Monday 10 March 2014

Recharging


It’s been a long wet winter. Very long, pretty mild, but very, very wet. Just ask Somerset or Cornwall.
So what with one thing and another, I haven’t been for a decent ride in about 6 weeks. My little insurance risk (to other people, who are so busy staring they forget to go/indicate/stay in one lane) has been huddled under cover, feeling neglected.
I did faithfully start her up once a week, but didn’t let her run long enough, because, behold: the battery sputtered and coughed and died.  I’m guessing this is the case for a fair number of us.
On Sunday – the first decent Sunday in months – I got up early and made my yawning way to the bike, pausing only at a coffee shop for a prescription to stop yawning.
I called the RAC and waited, sipping coffee and enjoying the sight of sunshine. They told me 75 minutes. They actually meant 15.
It took the RAC 2 minutes to sort me out and I promised to go for a long ride to recharge the battery.
‘How long is that?’
‘At least 100 miles.’
‘That is long. Do you have enough petrol in the tank to do that?’
As it happened, yes, but good grief! That’s what filling stations are for.  Or did I miss something?
I fought my way out of London, thinking, as always, of the description in a  Herriot book about walking in cities involving ‘big steps and little ones’ and therefore  you can’t find your rhythm.
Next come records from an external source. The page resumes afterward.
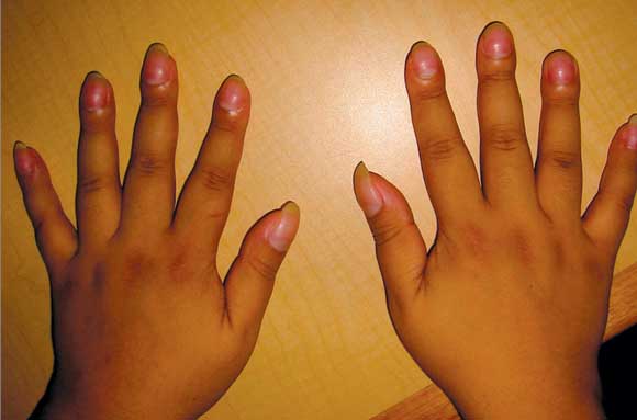 Hypertrophic osteoarthropathy (HOA) secondary to pulmonary metastatic phyllodes tumour was diagnosed. HOA is a paraneoplastic syndrome characterised by digital clubbing, polyarthralgia and periostosis.1 The joint pain, resistant to non-opiate and opiate analgesia, responded to intravenous pamidronate. There was no tumour response to chemotherapy with adriamycin and ifosfamide.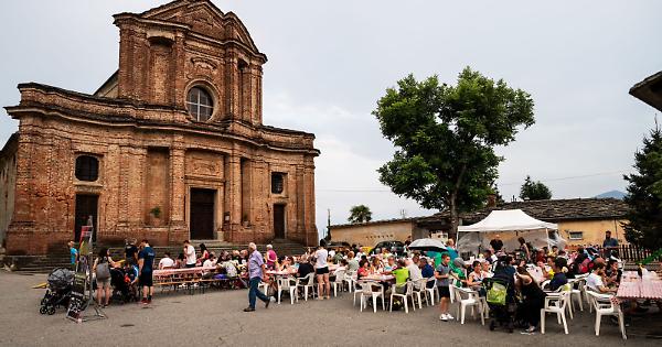 La piazza di Coassolo durante un evento organizzato dalla Proloco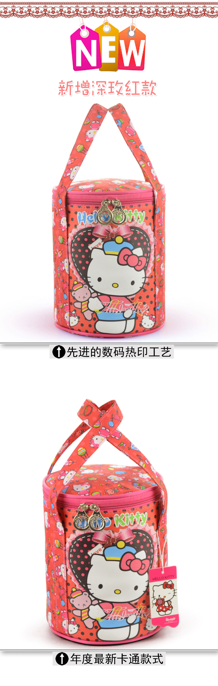 漫画防水ランチボックスバッグラウンドランチバッグKT収納化粧品バッグ子供のハンドバッグ製品素材:ホットスタンプジャカード素材+防水オックスフォード布+金属+プラスチック+その他サイズ:↓◆ベルトの高さは約36.5cm◆パッケージの高さは約21.5cm◆チューブの直径は約17cm◆ベルトの長さは約43cm◆各重量は165〜180gです...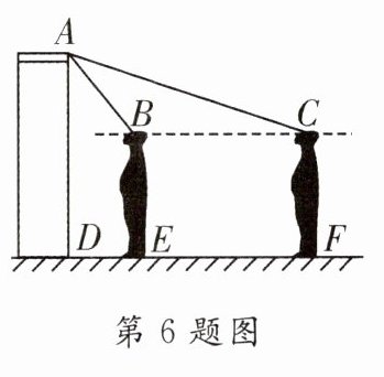 6.[2024·花山区二模]如图,某校为检测师生体温,在校门口安装一台测量体温的红外线测温仪.已知测温仪A距地面2.65 m,为了了解测温仪的有效测温区间,陈师傅做了如下实验:当他走到F处时,测温仪开始显示额头温度,此时在额头C处测得A的仰角为24°;当他走到E处时,测温仪停止显示额头温度,此时在额头B处测得A的仰角为45°.若CF = 1.75 m,则有效测温区间EF的长度为________.(参考数据:sin24°≈0.41,cos24°≈0.91,tan24°≈0.45)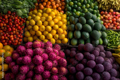 Vibrant display of fresh fruits and vegetables at market, including lemons, avocados, and dragon fruits, showcasing colorful variety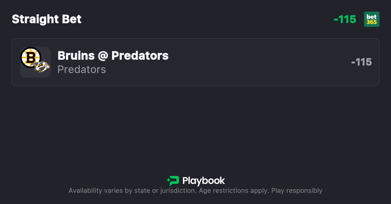 The Predators are favored by -1.5 on the puck line, with the over/under set at 6.5 (-100o / -120u). The Predators are a -115 favorite to win outright, while the Bruins are -105 to pull off the upset.
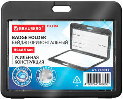 Бейдж горизонтальный жесткокаркасный двусторонний BRAUBERG EXTRA, 54х85 мм, без держателя, черный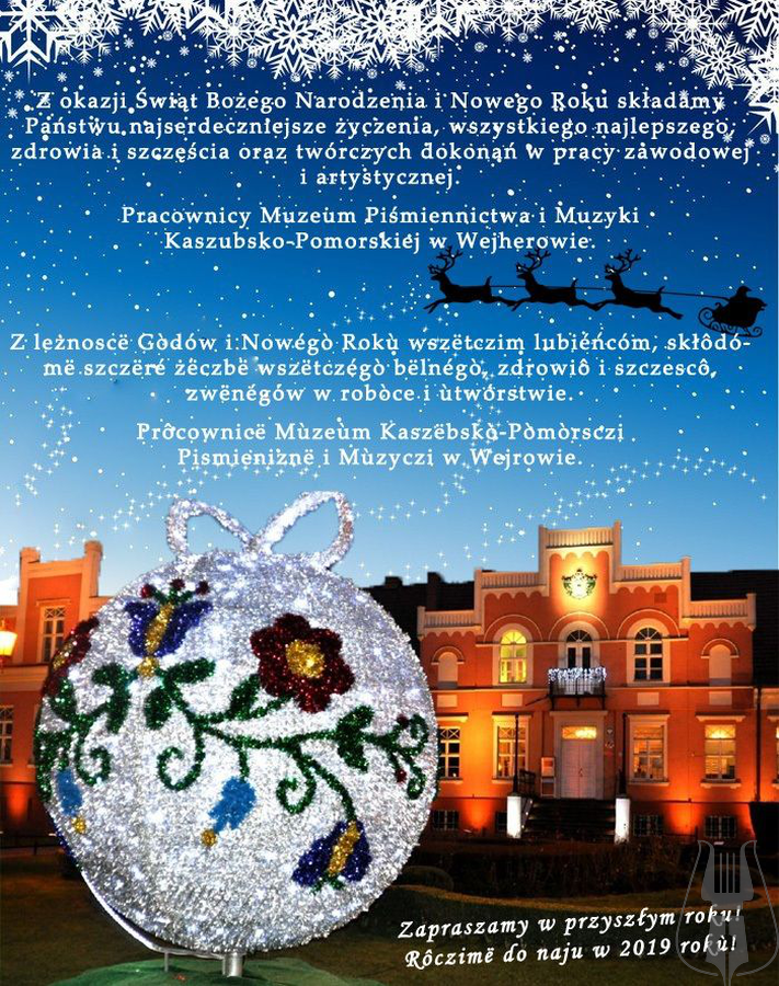 Muzeum Piśmiennictwa i Muzyki Kaszubsko-Pomorskiej w Wejherowie składa Państwu najlepsze życzenia z okazji Świąt Bożego Narodzenia i Nowego Roku.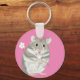 This lovely button key chain, zip pull, features a cute fluffy Grey and white Hamster holding a flower against a bright pink background. A lovely gift or stocking filler.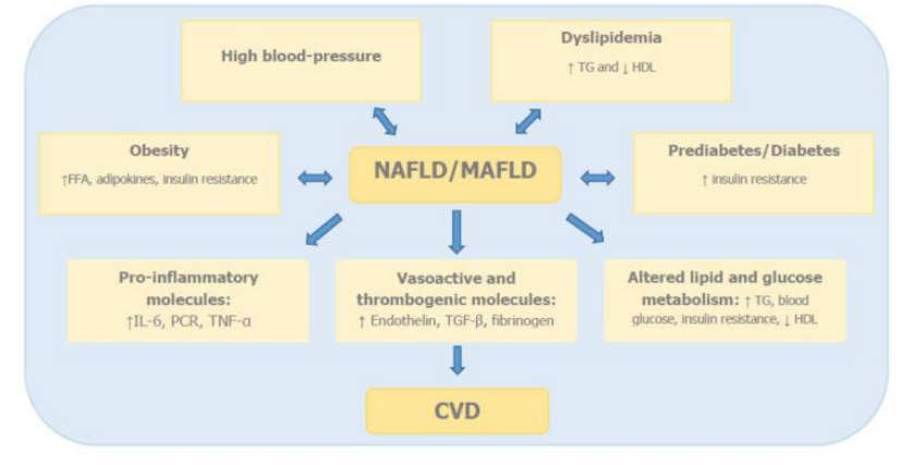 Various studies clearly demonstrated that NAFLD and MAFLD patients have not only a higher risk of hepatic events but also of extrahepatic complications mostly cardiovascular disease (CVD) and extrahepatic cancers, suggesting that NAFLD/MAFLD is part of a multisystemic disease and identifying in the severity of liver fibrosis the most relevant prognostic factor. In addition, different studies conducted to compare NAFLD and MAFLD highlighted that differences exist between the two entities on identifying patients at high risk of progression and of extrahepatic complications.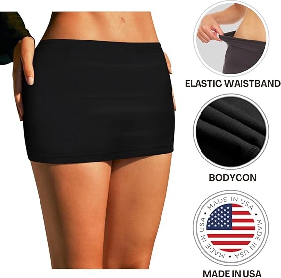 Sweet Hearts Black Mini Skirt for Women- Above Knee Elastic Waist Basic Mini Pencil Womens Skirts Bodycon Made in USA

Yeah. Try riding in London sometime.
I hit the A3 with a sigh of relief and vaguely headed SW. I wound up on the A303, passing itsy-bitsy Stonehenge (no, seriously. It’s small) and remembering why I generally avoid the A303, which is also surprisingly small for as significant a route as it is.
I paused to refuel, and exhaled when the bike growled to life instantly. I was considering heading for Cheddar and surprising Jen & co when I noticed increasingly marshy fields on either side of the road, and realised that approaching Cheddar from the Levels side wasn’t perhaps the most intelligent option after the very wet winter.
A36 to Bath via Warminster, then. The bike was now purring much better past  Warminster, Trowbridge, Chippenham and I realised I was on the A350 now, and the A36 had disappeared off the signboards. In the absence of a sequence of towns I recognised, I started to loop north and east. Also, I was getting hungry and the pubs weren’t quite open yet. I had allowed far more time for the RAC to arrive and sort me out necessary. I peeled an eyeball for a country pub open early. Such a gem failed to materialise.
240 miles later, I was back and parked up and grinning from ear to ear and invigorated. The bike was still purring softly under her cover, although I might have been hearing echoes of the road.